The treatment of choice for every clinical manifestation of leishmaniasis is the administration of antimonial drugs such as meglumine antimoniate (Glucantime) and sodium stibogluconate (Pentostam). Meglumine is administered at a dose of 20 mg/kg of body weight/day via the intramuscular or intravenous route, to a maximum of 850 mg/day for at least 20 days. The possible adverse effects of these drugs are myalgia, joint pain, anorexia, nausea, vomiting, headache, hypertransaminasemia, chemical pancreatitis, thrombocytopenia and neutropenia. Patients with mucocutaneous leishmaniasis shall be treated with 20 mg of pentavalent antimony (0.2 ml of Pentostam) per kg of body weight daily, via the intramuscular or intravenous route during 30 days. An intralesional injection of sodium stibogluconate (0.5 to 1.0 ml) could be effective. It is a less expensive alternative with few side effects11-18.

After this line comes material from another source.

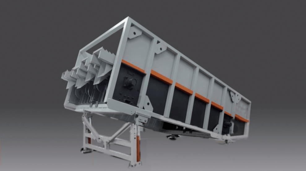 彈跳分選篩在驅(qū)動電機的作用下,通過主動軸、被動軸、偏心輪(曲軸、鏈條等傳動裝置)組成的主被動傳動機構(gòu)與支撐座和篩板連接形成平行四桿機構(gòu),篩板產(chǎn)生類似于彈跳的往復圓周運動,將從進料口輸入的物料分離為三種,粒徑大反跳效果好的、沉重的、能滾動的3D物料,粒徑小、反彈效果差的篩下物料,粒徑大反彈效果差的、扁平的、輕質(zhì)的2D物料,分別被三個出料斗接收。

We conclude that leishmaniasis is an endemic parasitosis with increasing incidence. This case stresses the importance to consider leishmaniasis as a differential diagnosis in patients with mucosal lesions, even without previous skin disease, since the primary lesion in some cases may go unnoticed. Despite its macroscopic similarities to tuberculosis,leishmaniasis shall always be suspected in patients of endemic regions with mucosal lesions of the trachebronchial tree.

Conflicts of Interest: the author declares there is no conflict of interest related to this publication.